Pictures in the data should be dropped; transcribe exactly the lines from the one that has "A reinterpretation of" through the one that has "首先我们要知道,在大佛棱、腿".

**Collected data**
┌──

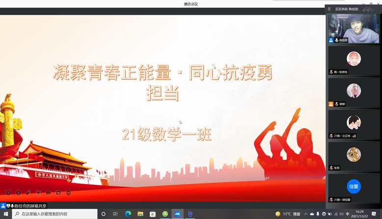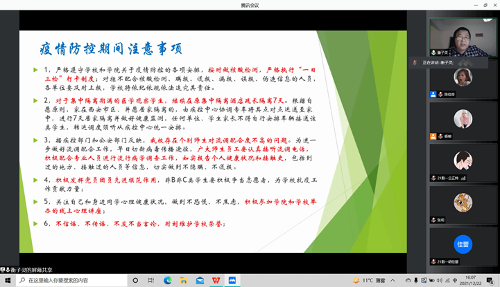 为了从严落实学校和学院关于疫情防控的各项政策,并做好期末复习工作,12月下旬,2021级数学一班通过腾讯会议召开了“疫情防控与期末复习动员”主题班会。数学一班班主任衡子灵老师和全体同学参加了本次班会。
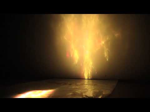 A reinterpretation of the process of recording and projection on celluloid film. A laser projector projects a computer animation onto a plastic bag which is diffracted onto a wall. A 3-part narrative is conveyed through this experimental film language.
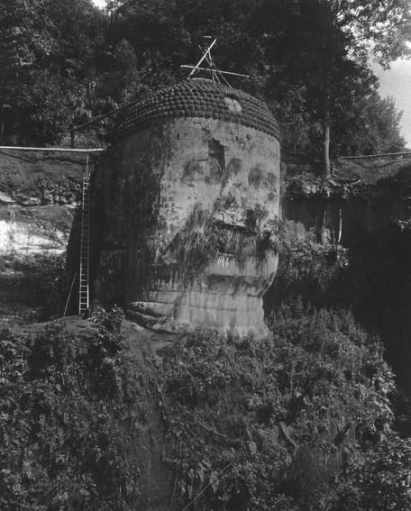首先我们要知道,在大佛棱、腿臂胸口和脚背等处曾发现过残存的柱础和桩洞,这证明了在大佛的头顶上曾建有木阁,对大佛进行覆盖和保护。
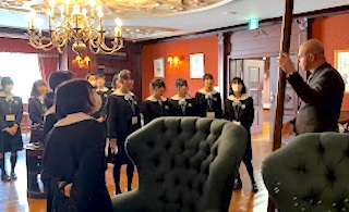 ホテルのチェックイン後にはマナーハウスツアーに出発!マナーハウスは「領主の館」という意味で、実際にイギリスで用いられていた木材を船で運び、現在の地で再度建てなおした建物だそうです。今日から3日間過ごす建物を散策し、Queen's Room や King's Room では、それぞれどういったところが違っているかを見つけながら移動しました。アンティークな調度品や内装、それらが持つ意味や歴史を学ぶことができました。階段に飾られたステンドグラスの重さをクイズにされ、一番重く考えた生徒で100kgと答えましたが、正解はなんと1000kgだそう。これには声をあげて驚いていました。
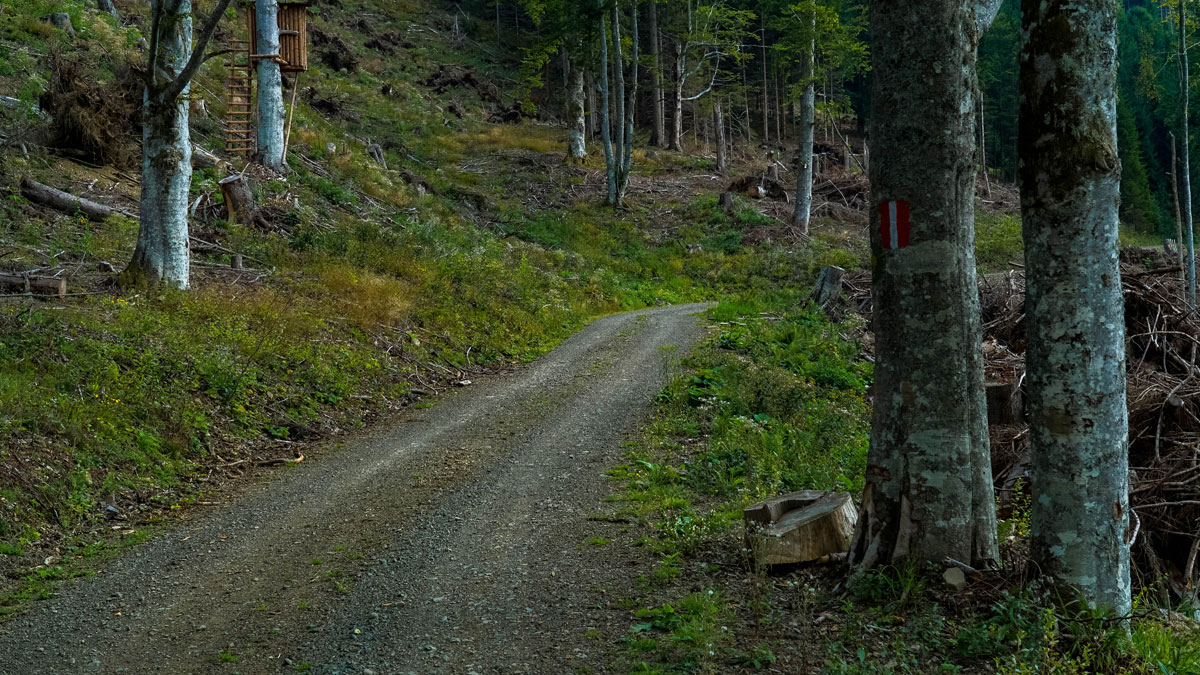 Štartal sem pod kmetijo Kumer in jo mahnil proti planini Luže, vendar ne direktno po makadamski cesti. Desno malo višje vzporedno pelje lepo speljana cesta čez smrekov gozd. Mimo Riepla sem se povzpel na Topico in se spustili na Veglovo trato (1345 m). Tako kot na vrh Topice je tudi tik pod vrh Ojstre speljana gozdna cesta. Zadnji del vzpona na Ojstro sem opravil brez kolesa, saj je dokaj strm, vendar je steza zelo domiselno speljana v okljukih. Razgled na Ojstri je še bolj imeniten od tistega s Topice, saj je bolj odprt in vidiš na vse strani. Vidimo lahko Peco, Podjuno, Raduho, Olševo, Grintovce in Košuto. Spustim se mimo Peršmana in začnem dolg vzpon proti visokogorskemu napajališču Jeklova luža tik pod Mozganom (1483 m). Tu čez teče državna meja, nekdanja »železna zavesa«. To je star prehod čez gorski greben imenovan tudi sedlo Luža. Nadaljujem mimo Jelenovega vrha po stari kmečki tovorni poti do 900 let stare gotske cerkve Sv. Ane z oltarjem Črne Marije. Cerkev stoji na Jelenovem dvorišču, ki je pokrito z gosto pokošeno travo. Sredi dvorišča pa kraljuje stoletna lipa. Nadaljujem do kmetije Kumer, ki leži na nadmorski višini 1230 m, tik pod 2. najvišjo slovensko kmetijo Jekl. Pot je dolga, lepa in slikovita, vzponi so dolgi in strm, vendar si nagrajen s prečudovitimi razgledi.
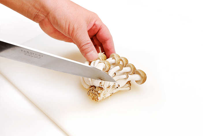 • ぶなしめじは石づきを切り落とし、長いものは半分に切る。
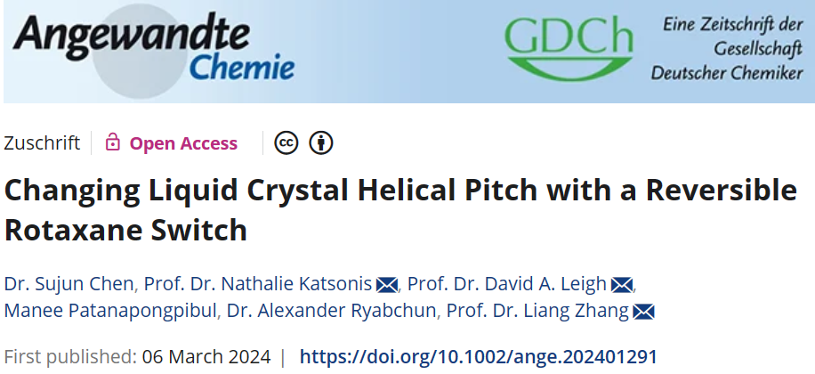 化学与分子工程学院张亮研究员同3245澳门新莆京特聘教授David Leigh、格罗宁根大学Nathalie Katsonis合作报道,通过轮烷分子手性表达的动态调节将其转换为软物质系统中螺旋扭矩的变化,从影响大环构象的纳米级手性,到影响液晶相的厘米尺度手性,实现了跨长度尺度传递的手性信息的表达。相关成果发表在Angewandte Chemie International Edition杂志。
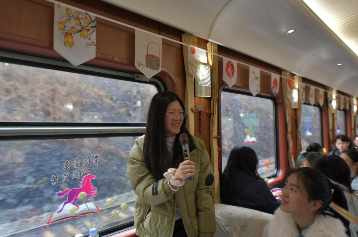 “击鼓传马”之围读分享会更是成为全场亮点,马年吉祥物在学子们手中依次传递,锣声骤停,拿到吉祥物的学子们便大方分享读书心得、新学期学业规划或是家乡的旅行见闻,还有各式各样才艺表演。一时歌声、笑声在车厢里久久回荡,原本陌生的学子们,在互动交流中拉近距离,结下了别样的旅途友谊。
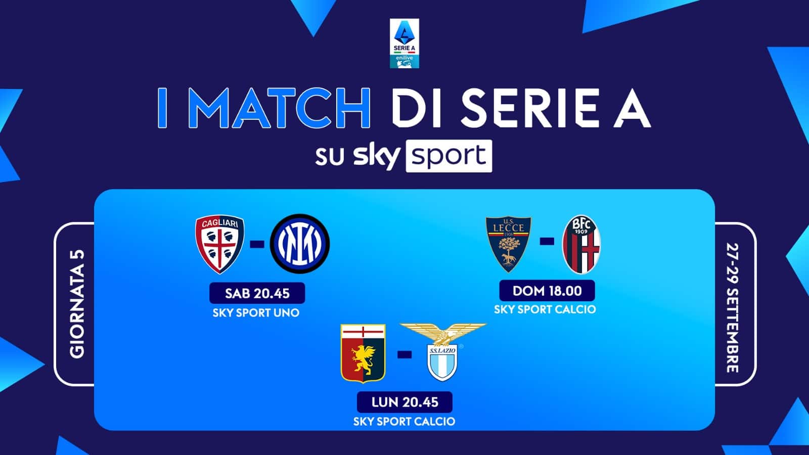 Il quinto turno di Serie A si gioca da sabato 27 a lunedì 29 settembre. Le 3 partite in diretta su Sky e in streaming su NOW saranno: Cagliari-Inter, Lecce-Bologna e Genoa-Lazio. La giornata di campionato si apre sabato alle 15.00 con Como-Cremonese e prosegue alle 18.00 con Juventus-Atalanta e alle 20.45 Cagliari-Inter in diretta su Sky Sport Calcio, Sky Sport Uno, Sky Sport 4K, Sky Sport 251 e in streaming su NOW. Sono cinque gli appuntamenti della domenica. Si inizia alle 12.30 con Sassuolo-Udinese segue il doppio appuntamento delle 15.00 con Roma-Verona e Pisa-Fiorentina. Alle 18.00 è il momento Lecce-Bologna, in diretta su Sky Sport Calcio, Sky Sport 251 e in streaming su NOW. Chiude la domenica Milan-Napoli. Due i posticipi di lunedì 29 settembre: alle 18.00 Parma-Torino e alle 20.45, Genoa-Lazio su Sky Sport Calcio, Sky Sport 4K, Sky Sport 251 e in streaming su NOW.

└──

**Exercise solution**
 A reinterpretation of the process of recording and projection on celluloid film. A laser projector projects a computer animation onto a plastic bag which is diffracted onto a wall. A 3-part narrative is conveyed through this experimental film language.
首先我们要知道,在大佛棱、腿臂胸口和脚背等处曾发现过残存的柱础和桩洞,这证明了在大佛的头顶上曾建有木阁,对大佛进行覆盖和保护。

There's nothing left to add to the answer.